Home nation: United States

Current location: New York City

I'm admittedly more of a Summer Olympics guy, but the U.S. fielding a dominant team at both Summer and Winter Games means I'm always paying attention to the competition (did you know America is the only country to win at least one gold medal at every Winter Olympics? U-S-A!).

But my favourite Winter Games memory doesn't come from Tara Lipinski or Apolo Ohno - even if I grew a soul patch goatee to match him in 2002 - and I wasn't born yet for the Miracle on Ice. Mine comes from...Canada?

Yes, our neighbours to the north and from the very last Winter Olympics, Vancouver 2010. The gold medal men's ice hockey game pitted Canada against the U.S. and, when the game started, I was of course cheering for the red, white, and blue to steal gold from the, well, just red and white on their home ice. And as Canada led, 2-1, with 25 seconds left, I'd begrudgingly come to accept my nation's fate. Then Zach Parise did this and my patriotism exploded right back up.
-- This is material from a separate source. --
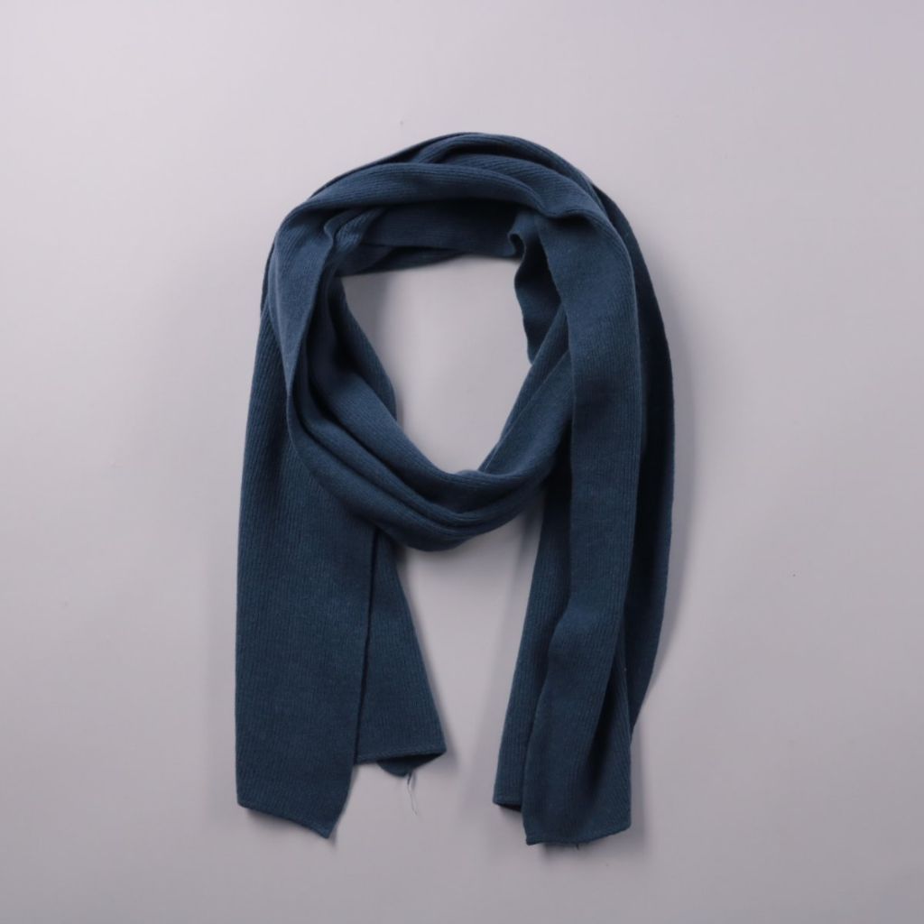 Трикотажный шарф синего цвета без видимых логотипов. Подойдёт для повседневных образов в прохладную погоду, чтобы защитить шею от ветра. Мягкий материал удобно драпируется и легко завязывается.

But after SidneyCrosby scored in overtime; and after the entire arena lost their collective mind; and once I saw all the reactions from around Canada at their first hockey gold medal on home turf (see above), there was no way I could be anything but ecstatic at how it turned out for the Canadians. Watch just the first minute alone of the video above. If you don't get goosebumps, you're probably dead. That's what sports - and the Olympics - does to you.

Fun record fact: Canada's gold medal win in 2010 snapped a tie with the Soviet Union for most golds in men's ice hockey. Team Canada has now won 8 of the 22 competitions.